When she heard that whisper, she turned to Kunle. “I thought it was the best thing to do, at the time. I did it all for you, my son.”
He shook his head and turned away from her. As he slowly went back to his chair, he spoke, “The woman that covered up, so elaborately, couldn’t have been you. I don’t know her.”
She turned to Sade and sat on her haunches. Closing her eyes, she said softly, “I’m so sorry. No one was supposed to be hurt. That wasn’t my plan.”
Sade laughed mirthlessly. “How noble of you! You failed to make that plan of yours foolproof, though. You connived with my husband, to bring into my home, his…”
She cast her eyes on Kunle and shook her head sadly. Then, she turned her head to Niyi, who was gripping the arms of his chair tightly and whispered, “You brought incest into my home.”
He covered his face and moaned, while Bunmi put her head on her laps, as sobs wracked her body. Looking from father to daughter, Agnes bent her head and started crying.
When she suddenly wiped her eyes and looked up, a look of determination was on her face. Looking at Niyi, she spoke softly. “I have wronged you, sir and I have wronged your family.”
She turned her face to Sade. “There was no baby.”
Sade narrowed her eyes, while Niyi uncovered his face and stared at her in confusion. When Bunmi slowly looked up, she continued, “Even though you gave me money to have an abortion, I decide to keep the baby, but fate had other plans.”

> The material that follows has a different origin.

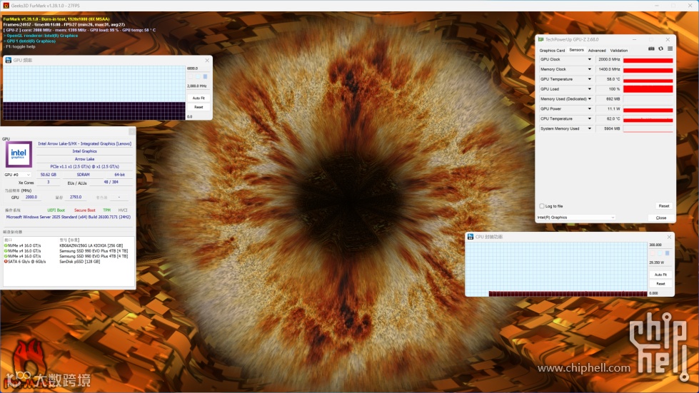 核显满载烤机15分钟,使用HWiNFO读取核显频率,频率稳定为2000MHz。GPU温度58摄氏度,功率为11W左右。

Looking at Niyi, she continued, “Two weeks after you left for Lagos, I had a miscarriage.”
“What!”
“Kunle is not your son.”
Eyes narrowed, he shook his head slowly. “But…you…said…”
Bunmi and Sade exchanged glances, when Agnes slowly stood and made her way to Kunle. When she bent and attempted to take his left hand, he pulled it away and looked away. She straightened and sighed deeply, before going to sit on the chair beside him.
Turning her attention to Niyi, she continued, “I had been devastated when I lost the baby and gradually, I started to blame you for that. You knew I was an orphan and had no one. Yet, you nonchalantly told me to abort our… my child. In my mind, if you hadn’t been so disinterested, I would have had a living baby.”
“A few months after your company took ours over, some of the administrative staff were let go.” She rubbed her eyes with her left hand and continued, “It was a difficult time for me, really. I understood that the new management wanted to infuse new blood into the company. However, I also knew that if you had wanted to, you would have helped me keep my job. It became obvious that you didn’t care about me, at all. The longer I went without a job, I became very bitter.”
She turned to the side to look at Kunle and smiled, “Then, I met your father. He made me so happy and he made me forget. He promised to take care of me and he did.”
Her eyes became sad again. “In June 1982, a few weeks to our wedding, he died in a car crash. I was devastated, but I tried to be strong, till I had you on January 17th 1983.”
“1983?”
She turned to Bunmi and nodded. “I had to alter his birth year, to make your father believe me.” She looked at Niyi, who was leaning forward again, his head back in his hands. “I got another job after I had him, but the pay was less than what I earned before. It was tough and very lonely, as a single mother.”
“By 1987, Williams-Akanbi Conglomerate was a high profile company. I didn’t deal very well with hearing about them in the news and even though I avoided using any of their numerous products, they were everywhere! Gradually, some of my earlier bitterness re-surfaced.” She put her left hand over her eyes and bent her head in shame, before continuing in a low voice, “I felt entitled to some compensation, really.”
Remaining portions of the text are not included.